- Film poster
- Directed by: Marius Penczner
- Written by: Marius Penczner; John Gillick;
- Produced by: Marius Penczner; Nancy Donelson;
- Starring: Larry Raspberry; James Raspberry; John Gillick;
- Production company: Penczner Productions
- Release date: August 10, 1982 (UK);
- Running time: 105 minutes
- Country: United States
- Language: English

= I Was a Zombie for the F.B.I. =

I Was a Zombie for the F.B.I. is a 1982 science fiction black-and-white film. It was directed by Marius Penczner and filmed by students from Memphis State University, now known as the University of Memphis.

==Plot==
After landing by Pleasantville, United States, the aliens convince two Earth criminals to help them rule the world. The aliens hypnotize people into a "zomboid state" and unleash a reptilian creature.
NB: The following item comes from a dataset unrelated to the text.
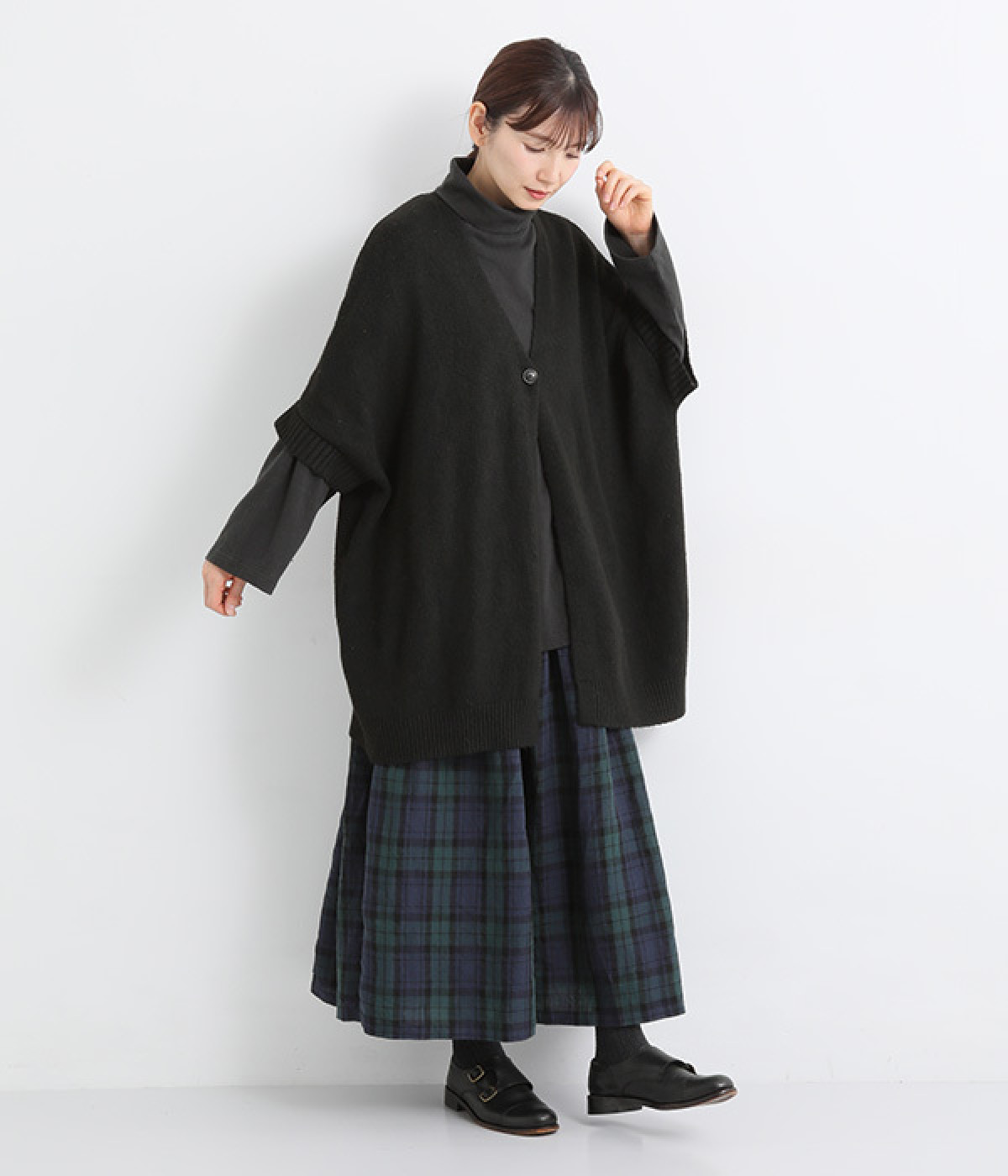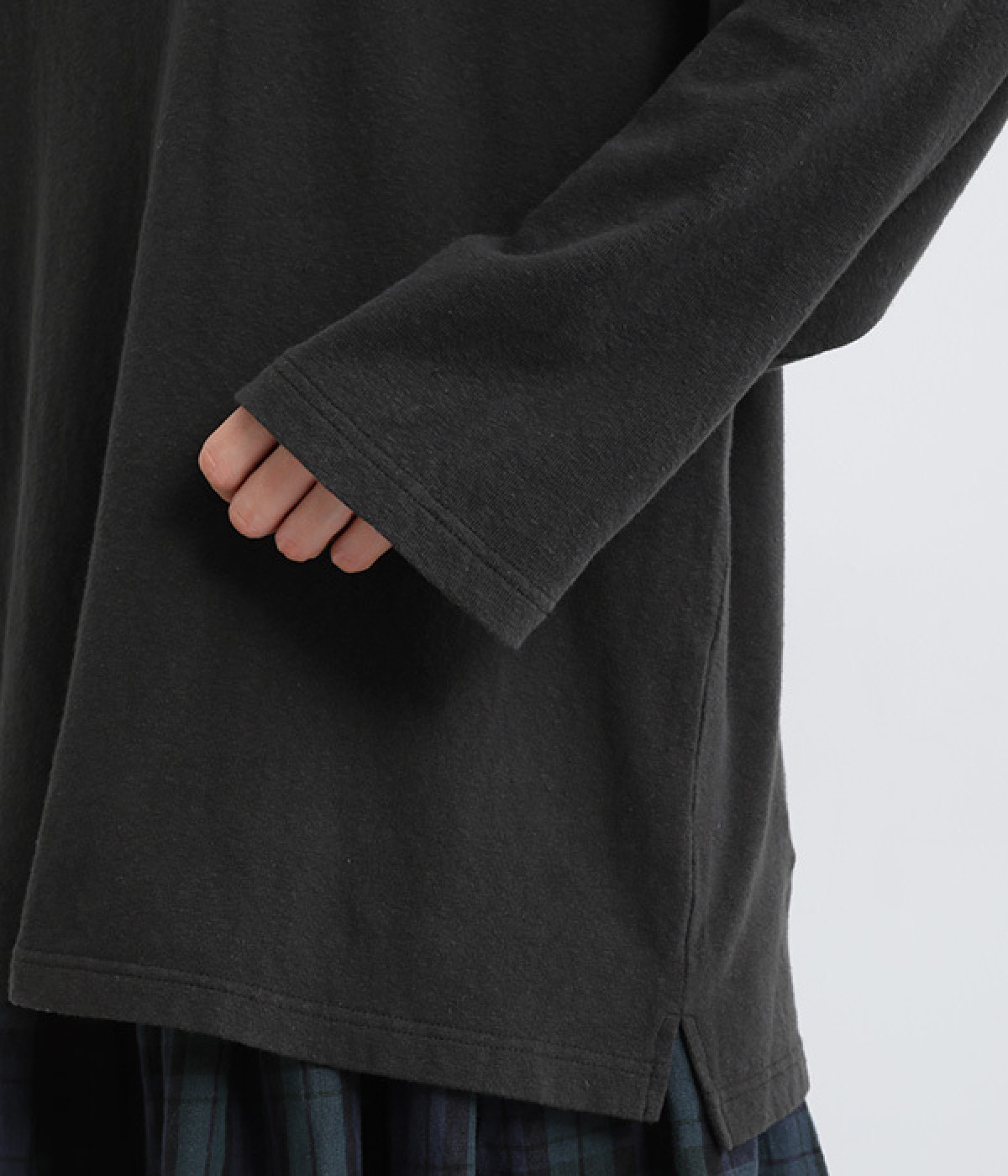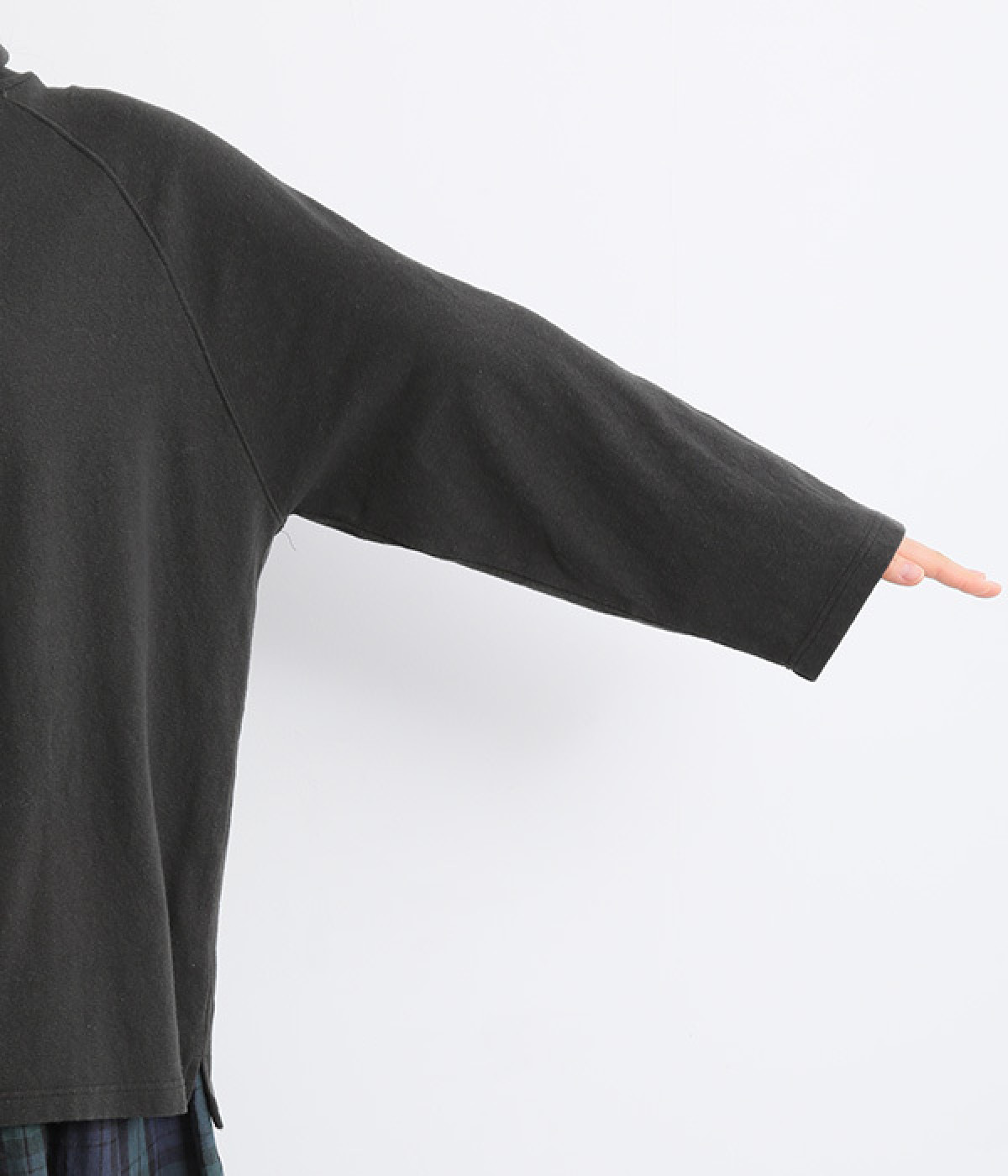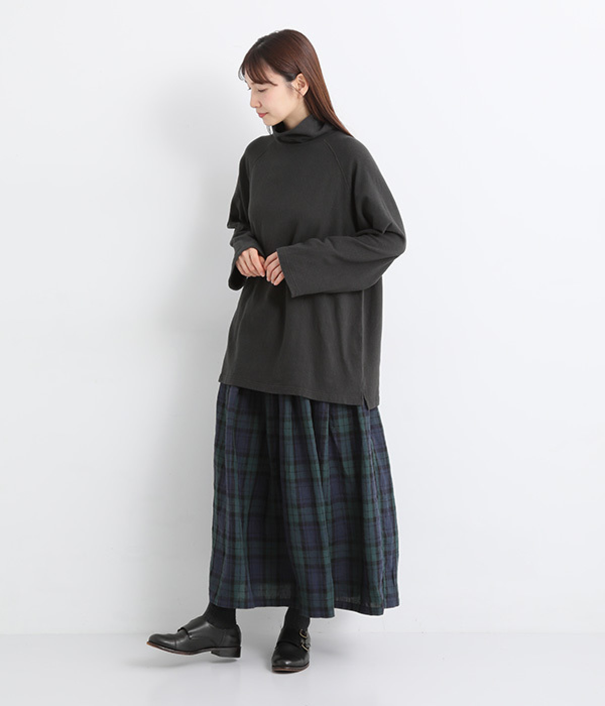 すっぽりと体を包む、身幅大きめ&着丈長めのリラックス感がカジュアル向き。高めのタートルネックも、開きにゆとりを持たせることで快適に着こなせます。袖の接ぎをラグラン仕様にして腕をラクに動かせるのも◎。

Two F.B.I. agents fight against the aliens, criminals, and the creature to combat the threat of imminent world domination.

==Production==
Inspired by 1950s science fiction films, I Was a Zombie for the F.B.I. was filmed in black-and-white by Memphis State students and was directed by Marius Penczner. The film's budget was $27,000, which came from the director's Emmy award-winning short film.

The stop motion reptilian monster was later used in the director's film TV Dinners.

==Reception==
Bob Dylan and Dennis Hopper enjoyed the film, as did the bands ZZ Top and The Everly Brothers. Dylan said that he wished he was in the film.

Mac McEntire, writing for DVD Verdict, said that he liked the film, but that "long stretches of dialogue with little to no action might be true to the era to which this film pays tribute, but it might move a little too slowly for some of today's viewers". Andy McKeague, of Monsters and Critics, wrote that "Zombie is a fun film, but one you need to be in the right mood for. It has all the markings of the 1950s TV cop shows it deliberately resembles and enough of the E.T. savvy to appeal to fans of Plan 9 to The X-files".

==Home media==
The film was first released on USA Network in 1995. It was released on DVD in 2005 with title cards, new footage, new effects, and different music. The director removed 33 minutes of footage from the film.